**Assignment**. What you give back from the listing below should be an exact copy of the lines from the one with "Help these wonderful" down to the one with "11月18日下午,河南工业大", and it should contain no pictures.

━━━━━ Dataset records

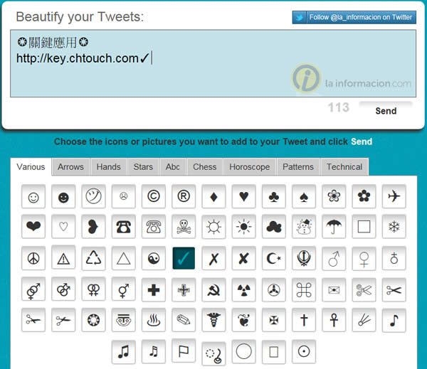 首頁線上工具社群與通訊 Twitter Symbols 讓你在推特發文時可加入更多的特殊符號 雖說 Twitter 的用戶在台灣可能不多,其可能是未能中文化為原因之一,不過若是有使用 Teitter 來發文時想要加入一些特殊符號時,可以來試試 Twitter Symbols 這個可將你的推特帳號做連結又可在發文時加入由 Twitter Symbols 所定義的特殊符號,讓你在發文時,可以增加多點樂趣,而不在單單只是文字。 🔔 不錯過任何精彩! 立即訂閱我們的 LINE 官方帳號 每次發佈新文章時,您將會第一時間收到本站文章連結通知,輕鬆掌握最新資訊! 使用 LINE 追蹤文章更新 §相關文章,還可以參閱:Meta AI 讓 Facebook 大頭貼會動了!還有動態背景、照片風格轉換新玩法馬上爆富超好用!LINE Bank × 胸毛公寓招財貼圖,農曆新年免費領取馬年行大運!精選8款新春招財LINE免費貼圖,OPEN將、罐頭豬陪你過好年「LINE 社群」也能開店!打通聊天到下單的最後一哩路存發票也能玩遊戲!LINE 發票管家改版重點一次看 如何使用 Twitter Symbols ? 1.進入 Twitter Symbols 網站後,可以看到大大的發文輸入框及其下的符號分類頁籤,輸入所要發文的內容及使用符號後,點擊[Send]。 2.接下來就會輸入你在 Twitter 的帳號及密碼。 3.連結上 Twitter 帳號後,再次點擊[Send] 便可發文。 Twitter Symbols網站網址:http://www.simbolostwitter.com/p/english.html
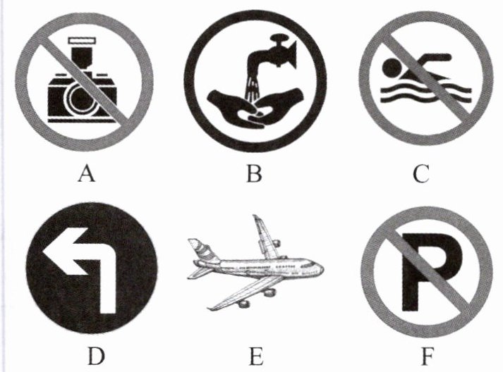 听五个句子,选择与所听句子内容相符的图片,有一幅图是多余的。读两遍。
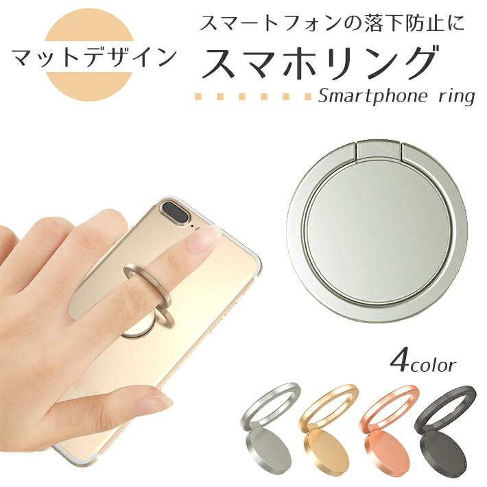 スマホリング おしゃれなマットデザイン「全4色」薄型 360度回転 スタンド機能
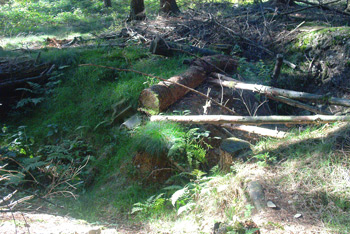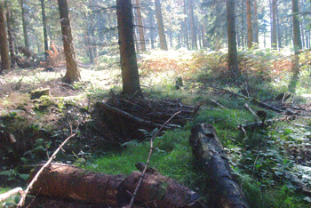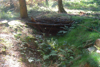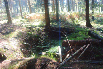 Überreste eines Erdbunkers am Rand des ehemaligen Minenfeldes "Wilde Sau" im Hürtgenwald
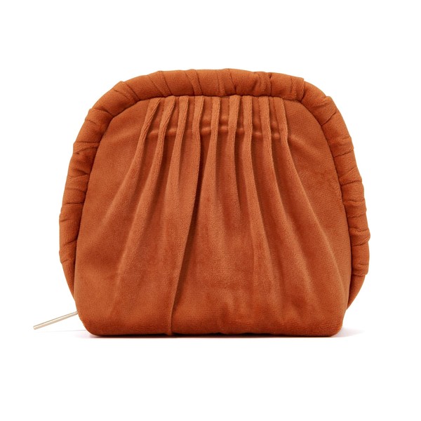 This pouch has a chic design with tucked pleats on glossy velour fabric.
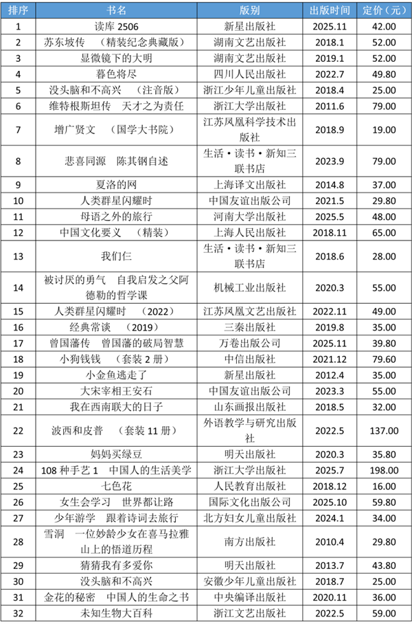 文化教育热销书同样有27个品种晋入全品类图书热销TOP100。新星出版社去年底推出的非虚构类文章集——杂志书《读库2506》,一举斩获文化教育领衔书和非主题时政领衔书双荣耀,显示了这类读物获得非同一般的市场热逐。传记读物以13个品种,独占近半壁江山,其中原创品7种。长期驻榜的《苏东坡传》(湖南文艺出版社)再次列居首位,年前出版的《曾国藩传 曾国藩的破局智慧》(万卷出版公司)、《司马懿传 一部从隐士走向权臣的成事“愤斗史”》(中国友谊出版公司),作为其中的唯二新品,联袂晋入。同为年前新书的史志读物《伊拉克访古行记》(北京大学出版社)、传统文化读物《止学今译 中国人的处世智慧》(广东经济出版社)的晋入,丰富了文教热销头部书的品类。
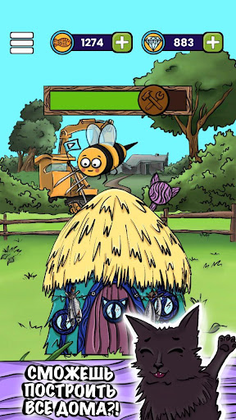 Help these wonderful cats build houses. Click on houses to build faster. Hire assistants to build for you even when you are not. Improve your building skills and the skills of your assistants. Buy new homes for which give more coins. Develop, get passive income. Prove to these cats that you are the best builder. Coming soon: leaderboard, new levels, tournaments, competitions, valuable rewards for leaders and much more
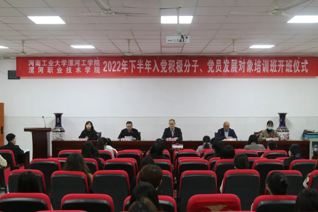 11月18日下午,河南工业大学漯河工学院、yl7703永利官网举办2022年下半年入党积极分子、党员发展对象培训班开班仪式。校党委副书记薛存心出席开班仪式并讲话。学校党委组宣部、学工部、团委相关负责同志,各院(系)学员代表参加开班仪式。学校结合疫情防控,开班仪式采取线上和线下相结合的形式举行。
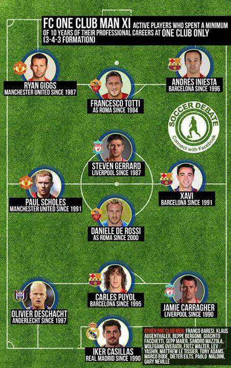 FOTO TOP 11 TOTTI GIGGS INIESTA CASILLAS – La notizia del prolungamento per altri due anni del contratto di Francesco Totti con la Roma, ha posto al centro dell’attenzione l’importanza di avere una “bandiera” all’interno della squadra. Giggs, Iniesta, Scholes, Casillas, Carragher e Puyol: sono davvero tanti i calciatori, rimasti fedeli alla maglia per tantissimi anni, senza mai preferire l’approdo in altri lidi. Merce rara nel calcio di oggi le bandiere… In questa formazione, sarebbe potuto essere presente anche Alessandro Del Piero, se la Juventus non avesse deciso nel 2012 di interrompere il rapporto quasi ventennale con l’allora capitano e numero dieci… Abbandoniamo le polemiche e tuffiamoci invece in questa fenomenale formazione, che rappresenta il meglio del calcio mondiale, realizzata da Soccer Debate.
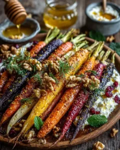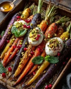 Sweet Honey Roasted Carrots with Creamy Burrata and Pomegranate
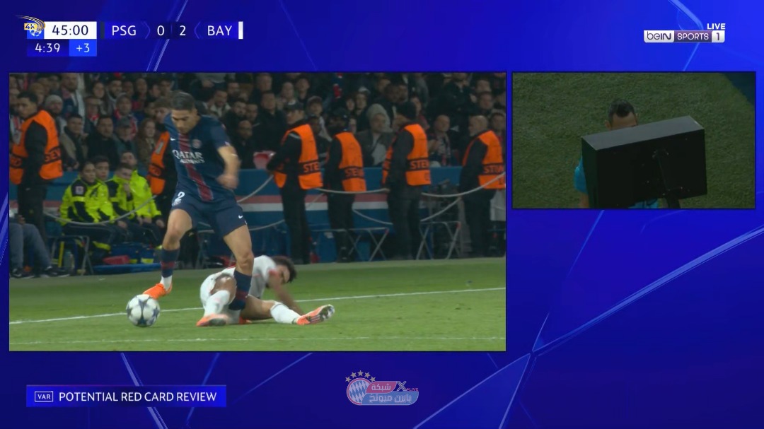 บาเยิร์น ต้องมาเหลือผู้เล่นเพียง 10 คนก่อนจบครึ่งแรก จังหวะที่ ดิอาซ เข้าสไลด์ด้านหลังของ ฮาคิมี่ จากตอนแรกเป็นใบเหลือง แต่ผู้ตัดสินไปเช็ค VAR ก่อนอัพเกรดเป็นใบแดง ขณะที่ P$G เปลี่ยนตัว ฮาคิมี่ ที่เจ็บจากจังหวะดังกล่าว
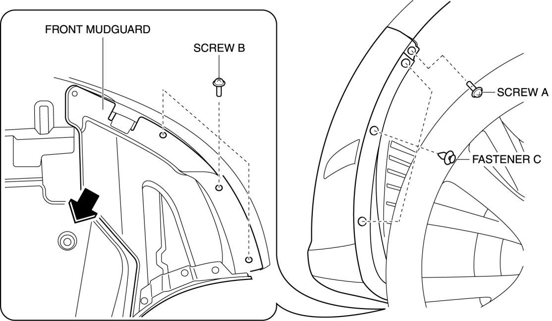 2. Remove screws A, B and fasteners C and set the front mudguard out of the way in the direction of the arrow shown in the figure.
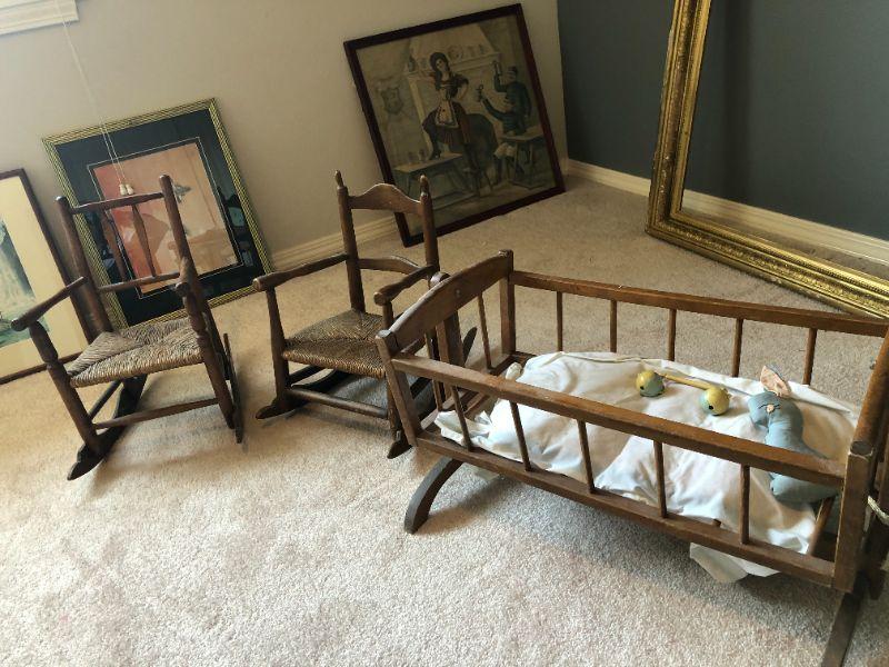 Lovely antique basinet and rocking chairs for dolls. In very good condition. Includes bedding and toys in the basinet.
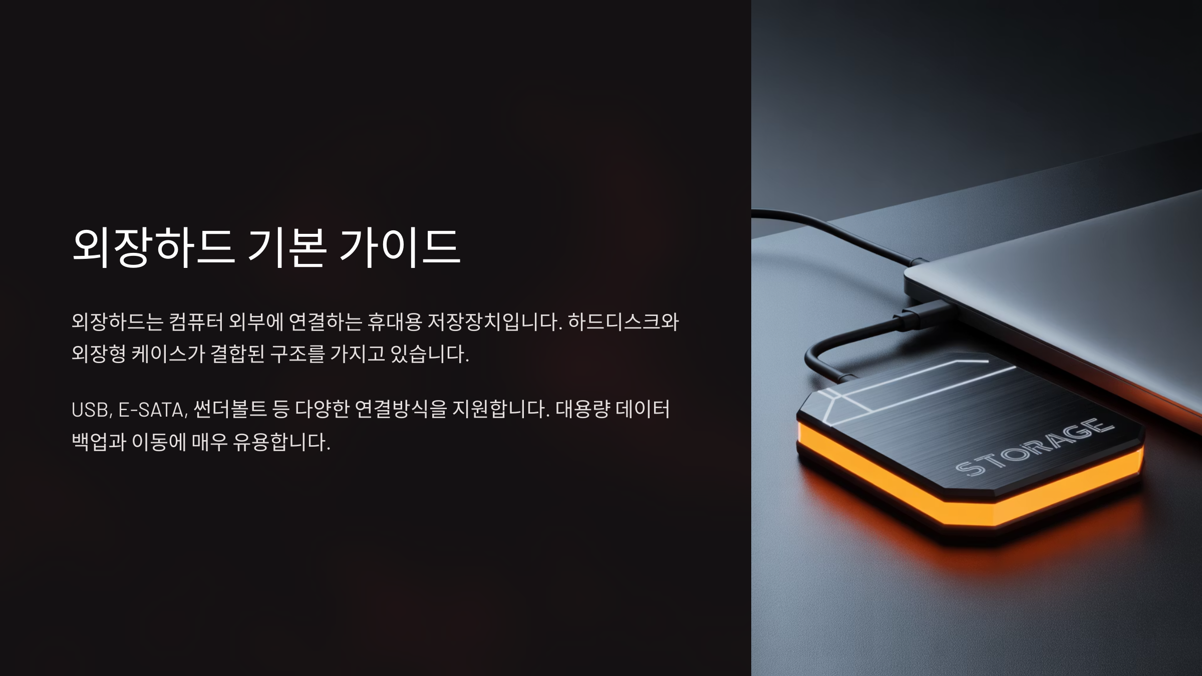 외장하드는 컴퓨터나 노트북, 콘솔 등에 연결해 데이터를 저장하거나 백업할 수 있는 장치예요. 보통 USB나 썬더볼트 포트를 통해 연결하고, 내부에는 일반 하드디스크(HDD)나 SSD가 들어 있어요.
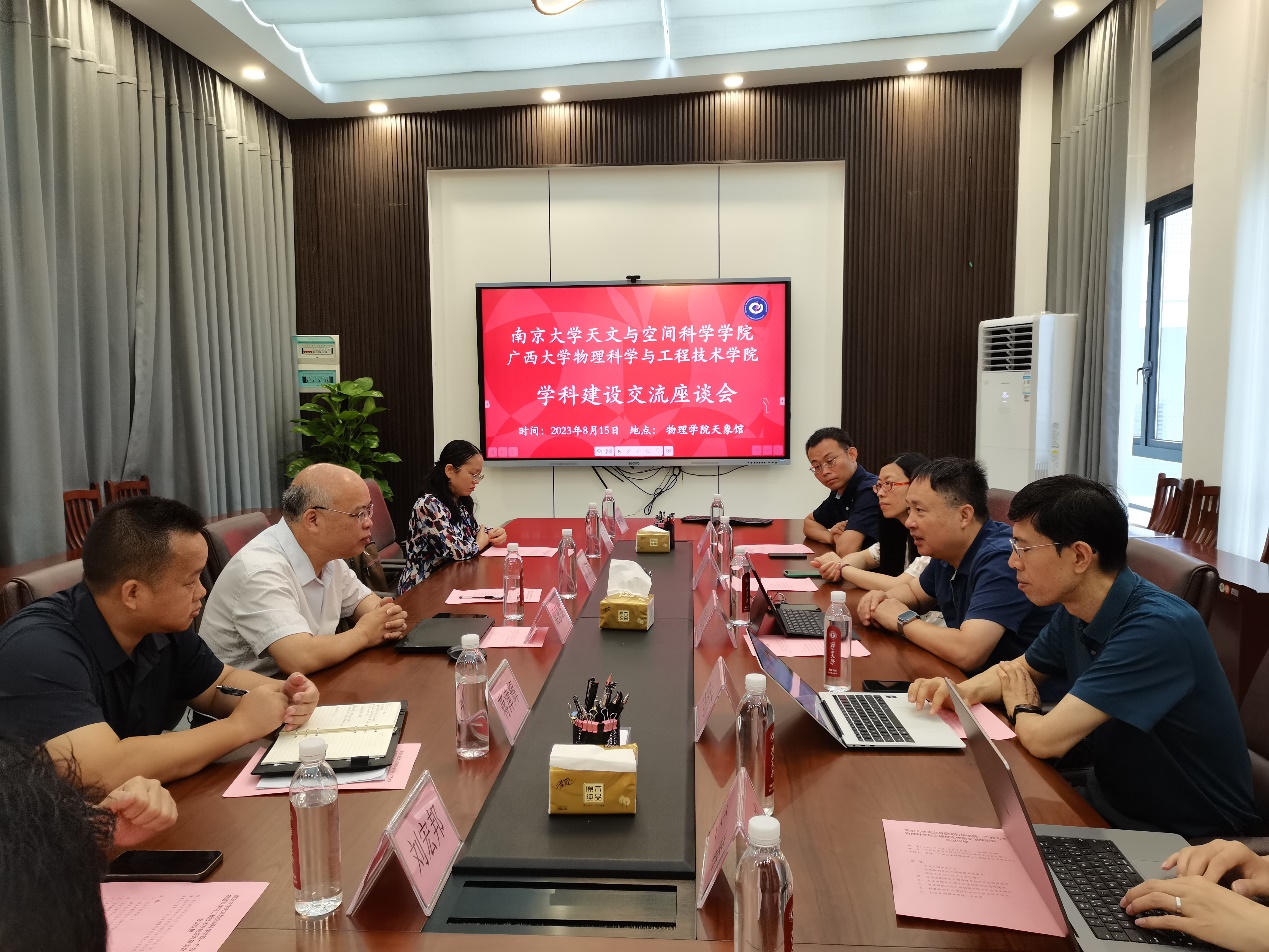8月15日,南京大学天文与空间科学学院党委书记顾秋生、院长李向东率党政领导班子一行6人到必赢官网调研学科建设、人才培养等工作。校党委常委、副校长、物理学院院长梁恩维参加调研活动,学院党委书记袁涛主持座谈会。
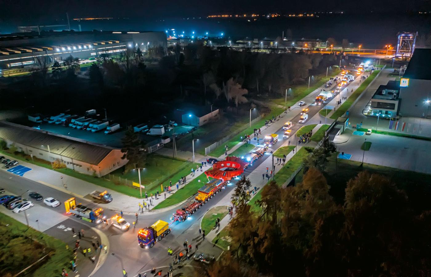 W minionym roku Polskę zelektryzował transport wyjątkowej maszyny TBM (Tunnel Boring Machine), przygotowanej do drążenia tunelu na budowie drogi ekspresowej S19 w Babicy koło Rzeszowa. Był to jeden z najtrudniejszych i najbardziej złożonych projektów przewozu tak ogromnego ładunku, realizowanych do tej pory w naszym kraju. Z Hiszpanii do Polski przetransportowana została w częściach maszyna o masie ponad 4 tys. ton, długości 107 m i tarczy drążącej o średnicy 15,2 m! Cała procedura składała się z kilku etapów i była realizowana przy wykorzystaniu transportu drogowego, morskiego i rzecznego. Największe części maszyny o łącznej masie 1900 ton przypłynęły do Polski w październiku 2022 r., a następnie barkami zostały spławione Odrą do Opola. Stamtąd w dwóch konwojach, z wykorzystaniem specjalnej platformy z samojezdnymi osiami (liczącymi aż 34 osie), były nocami przewożone do Babicy koło Rzeszowa.
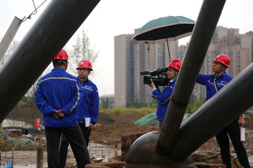 10月1日上午,成都市下起小雨。集團(tuán)公司文化中心記者團(tuán)一行走進(jìn)成都露天音樂公園項(xiàng)目的建設(shè)現(xiàn)場。記者團(tuán)在現(xiàn)場看到,盡管小雨一直淅淅瀝瀝,工地現(xiàn)場也比較泥濘,但各個(gè)作業(yè)面均在正常施工,到處都是一副熱火朝天的景象。
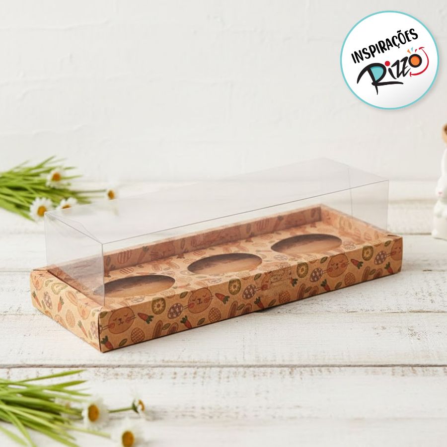 Caixa para 3 Meio Ovos de 50g a 80g em Linha com Moldura - 8x26,3x8cm - Kraft Coelhos - 5 unidades - ASSK
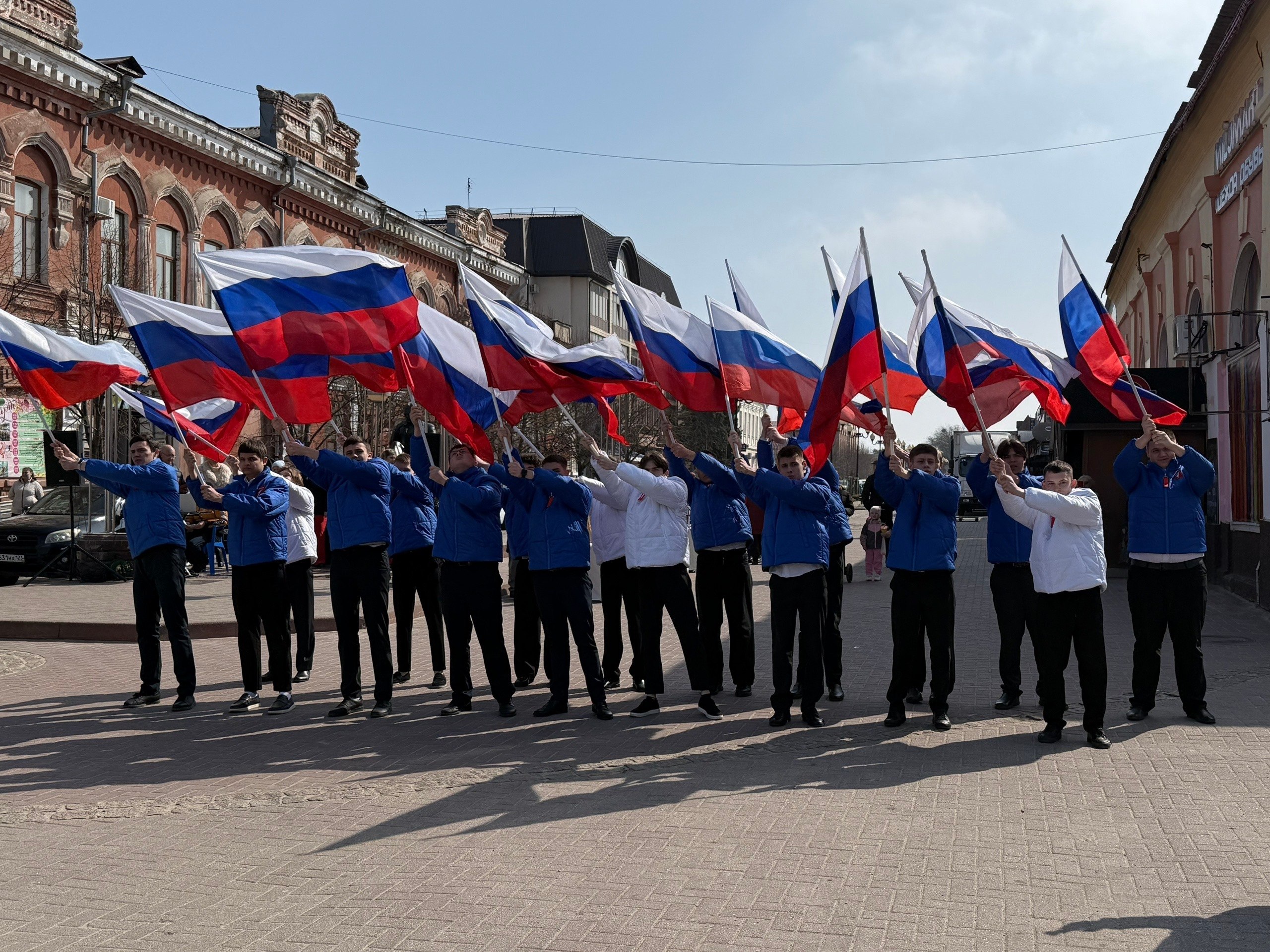 На площади Искусств города Ейска развернулось праздничное событие, объединившее представителей общественности, молодёжи и деятелей культуры. Акция приурочена к знаменательной дате новейшей истории России — 18 марта, когда был подписан договор о вхождении Республики Крым и города Севастополя в состав Российской Федерации
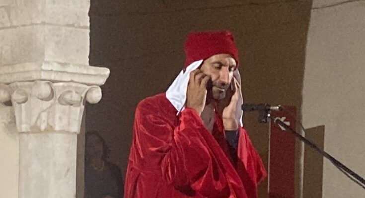 10 LUGLIO 2022 – Mentre recitava il terzo canto del “Purgatorio”, nella serata organizzata dal Fondo per l’Ambiente Italiano su Manfredi di Svevia, Pierluigi Di Clemente ha dovuto proteggersi le orecchie per concentrarsi, tale era il rumore proveniente dalla cena di borgo “Bonomini”.

━━━━━━━━━━

**Final answer**.
 Help these wonderful cats build houses. Click on houses to build faster. Hire assistants to build for you even when you are not. Improve your building skills and the skills of your assistants. Buy new homes for which give more coins. Develop, get passive income. Prove to these cats that you are the best builder. Coming soon: leaderboard, new levels, tournaments, competitions, valuable rewards for leaders and much more
 11月18日下午,河南工业大学漯河工学院、yl7703永利官网举办2022年下半年入党积极分子、党员发展对象培训班开班仪式。校党委副书记薛存心出席开班仪式并讲话。学校党委组宣部、学工部、团委相关负责同志,各院(系)学员代表参加开班仪式。学校结合疫情防控,开班仪式采取线上和线下相结合的形式举行。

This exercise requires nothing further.